3. The video unit recited in claim 1, comprising a mirror configured to fold the projected image.

4. The video unit recited in claim 3, wherein the mirror is configured to wiggle in accordance with a digital micro device of the imaging system.

5. The video unit recited in claim 1, comprising a total internal reflection (TIR) prism configured to project the image.

6. The video unit recited in claim 1, comprising a field lens configured to project the image.

7. The video unit recited in claim 1, wherein the physical stop is optically disposed halfway between the imaging system and the negative crown meniscus.

8. The video unit recited in claim 1, comprising a folding mirror disposed between and the negative crown meniscus and the positive flint element.

9. The video unit recited in claim 8, wherein the positive flint element is disposed between the folding mirror and the negative crown meniscus.

10. The video unit recited in claim 1, wherein the negative crown meniscus is adapted to have two-eight order aspheric surfaces.

11. A method, comprising;

creating a projected image;

receiving the projected image with a lens group comprising a lens doublet having a first positive crown element, a negative flint element affixed to the first positive crown element, and a second positive crown element adjacent to the lens doublet and facing the imaging system;

receiving the projected image from the lens group with a physical stop 50;

receiving the projected image from the physical stop with a flint element; and

receiving the projected image from the flint element with a negative crown meniscus that is adapted to produce a wide-angle representation of the projected image.

12. The method recited in claim 11, comprising optically disposing the physical stop halfway between the imaging system and the negative crown meniscus.

13. The method recited in claim 11, comprising disposing a folding mirror between the negative crown meniscus and the positive flint element.

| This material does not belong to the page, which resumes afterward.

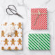 Gingerbread Men & Green and Red Striped Christmas Wrapping Paper Sheet

14. The method recited in claim 13, wherein the positive flint element disposed between the folding mirror and the negative crown meniscus.

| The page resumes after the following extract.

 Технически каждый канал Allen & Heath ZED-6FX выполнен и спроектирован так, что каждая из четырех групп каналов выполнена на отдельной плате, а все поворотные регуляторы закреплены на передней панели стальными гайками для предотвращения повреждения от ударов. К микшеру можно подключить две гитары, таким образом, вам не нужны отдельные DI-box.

15. The video unit recited in claim 11, wherein the negative crown meniscus has two-eight order aspheric surfaces.

16. The method recited in claim 11 comprising projecting the image using a total internal reflection (TIR) prism.

17. The method recited in claim 11, comprising projecting the image using a field lens.

18. The method recited in claim 11, comprising folding the projected image.

19. The method recited in claim 11, comprising configuring the mirror to wiggle in accordance with a digital micro device of the imaging system.

20. A television (TV) system, comprising:

an imaging system configured to create a projected image;

a projection system comprising: a lens group optically coupled to the imaging system to receive the projected image, the lens group including: a lens doublet having a first positive crown element; a negative flint element affixed to the first positive crown element; and a second positive crown element adjacent to the lens doublet and facing the imaging system;

a positive flint element optically coupled to the lens group to receive the projected image from the lens group;

a physical stop disposed between the positive flint element and the lens group;

a negative crown meniscus optically coupled to the positive flint element to receive the projected image from the positive flint element, the negative crown meniscus adapted to produce a wide-angle representation of the projected image; and

a display device configured to display the wide-angle representation of the image.